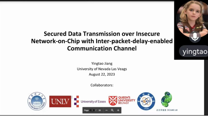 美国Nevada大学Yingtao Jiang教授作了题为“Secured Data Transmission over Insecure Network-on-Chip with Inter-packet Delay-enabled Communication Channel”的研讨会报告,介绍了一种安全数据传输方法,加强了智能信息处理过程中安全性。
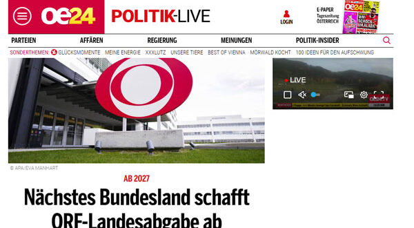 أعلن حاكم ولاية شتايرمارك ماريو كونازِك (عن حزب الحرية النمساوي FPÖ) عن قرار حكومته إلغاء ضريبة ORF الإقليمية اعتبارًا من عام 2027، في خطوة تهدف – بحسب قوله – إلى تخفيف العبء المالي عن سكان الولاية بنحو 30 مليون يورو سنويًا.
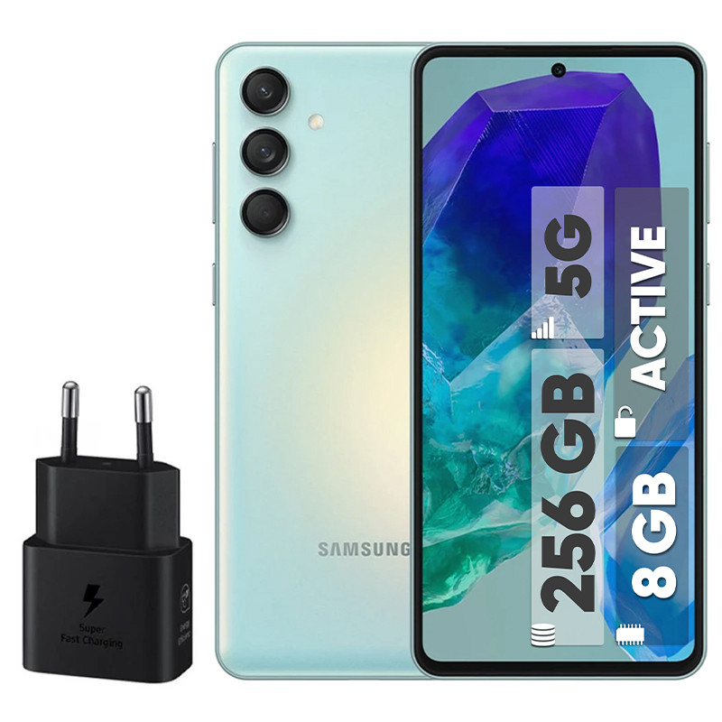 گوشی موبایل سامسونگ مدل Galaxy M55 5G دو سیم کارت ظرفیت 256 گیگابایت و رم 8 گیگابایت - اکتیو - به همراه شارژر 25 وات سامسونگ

---

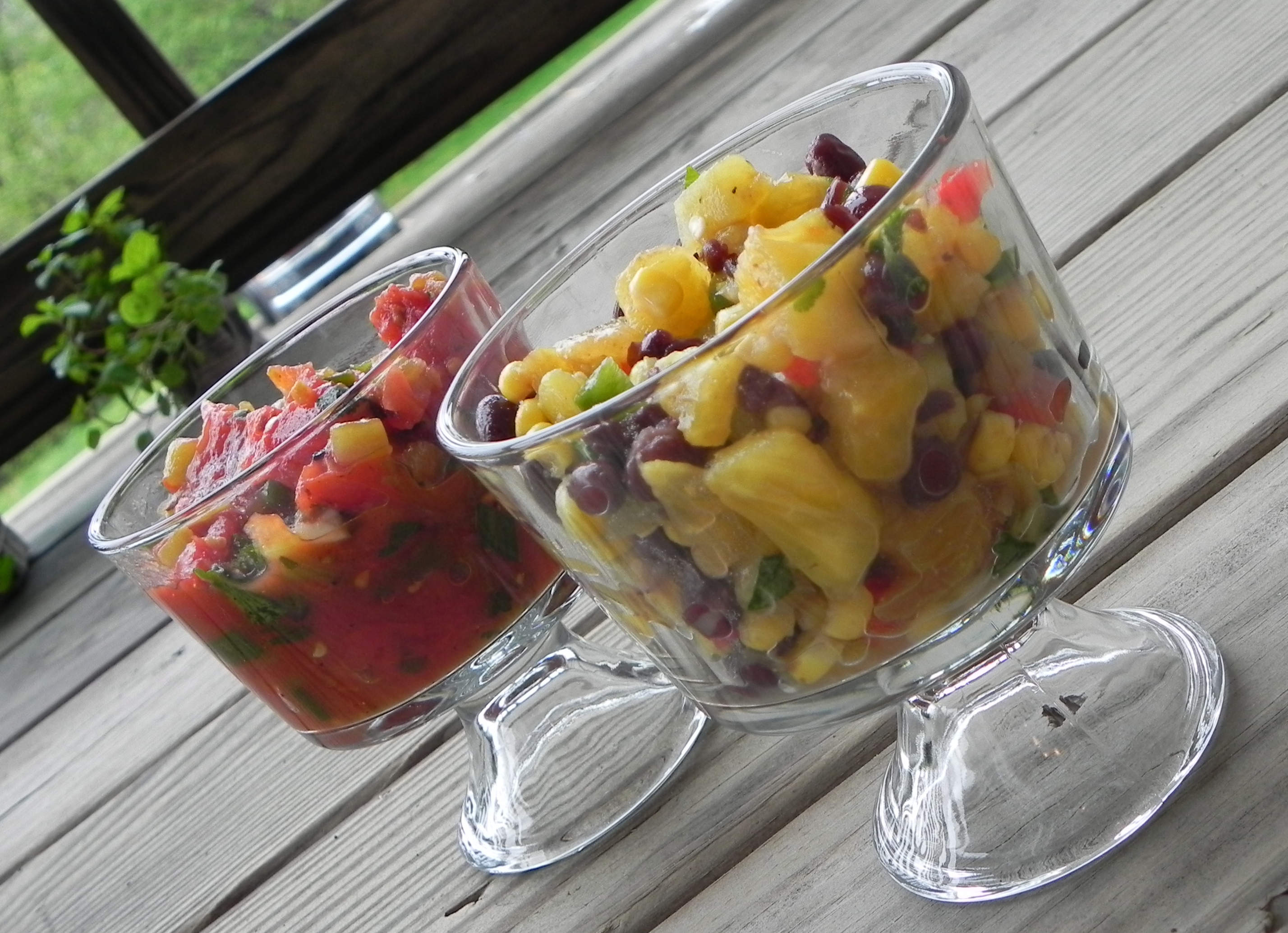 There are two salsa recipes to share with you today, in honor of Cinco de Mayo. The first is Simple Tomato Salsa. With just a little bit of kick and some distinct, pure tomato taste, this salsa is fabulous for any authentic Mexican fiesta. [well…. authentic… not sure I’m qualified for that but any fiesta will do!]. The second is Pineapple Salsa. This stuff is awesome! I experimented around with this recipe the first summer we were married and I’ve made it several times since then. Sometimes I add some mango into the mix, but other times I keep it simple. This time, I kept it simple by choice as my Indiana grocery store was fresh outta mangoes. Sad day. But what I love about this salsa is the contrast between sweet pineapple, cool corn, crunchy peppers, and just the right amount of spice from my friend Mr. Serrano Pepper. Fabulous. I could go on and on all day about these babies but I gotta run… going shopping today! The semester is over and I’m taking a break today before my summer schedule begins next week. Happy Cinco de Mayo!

==

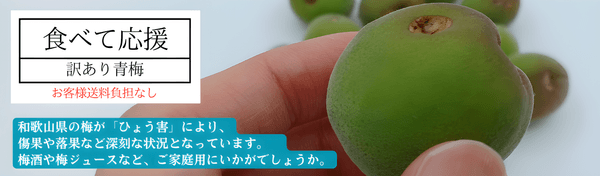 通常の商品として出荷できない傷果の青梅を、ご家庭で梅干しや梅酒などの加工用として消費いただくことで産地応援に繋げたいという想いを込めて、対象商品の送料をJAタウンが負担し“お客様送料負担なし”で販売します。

→ **Task objective**
Word for word, retype the lines in the entries above that run from the one with "Data Transmission over" through the one with "گوشی موبایل سامسونگ". Both ends count; pictures do not.

→ **Answer to the problem**
 美国Nevada大学Yingtao Jiang教授作了题为“Secured Data Transmission over Insecure Network-on-Chip with Inter-packet Delay-enabled Communication Channel”的研讨会报告,介绍了一种安全数据传输方法,加强了智能信息处理过程中安全性。
 أعلن حاكم ولاية شتايرمارك ماريو كونازِك (عن حزب الحرية النمساوي FPÖ) عن قرار حكومته إلغاء ضريبة ORF الإقليمية اعتبارًا من عام 2027، في خطوة تهدف – بحسب قوله – إلى تخفيف العبء المالي عن سكان الولاية بنحو 30 مليون يورو سنويًا.
 گوشی موبایل سامسونگ مدل Galaxy M55 5G دو سیم کارت ظرفیت 256 گیگابایت و رم 8 گیگابایت - اکتیو - به همراه شارژر 25 وات سامسونگ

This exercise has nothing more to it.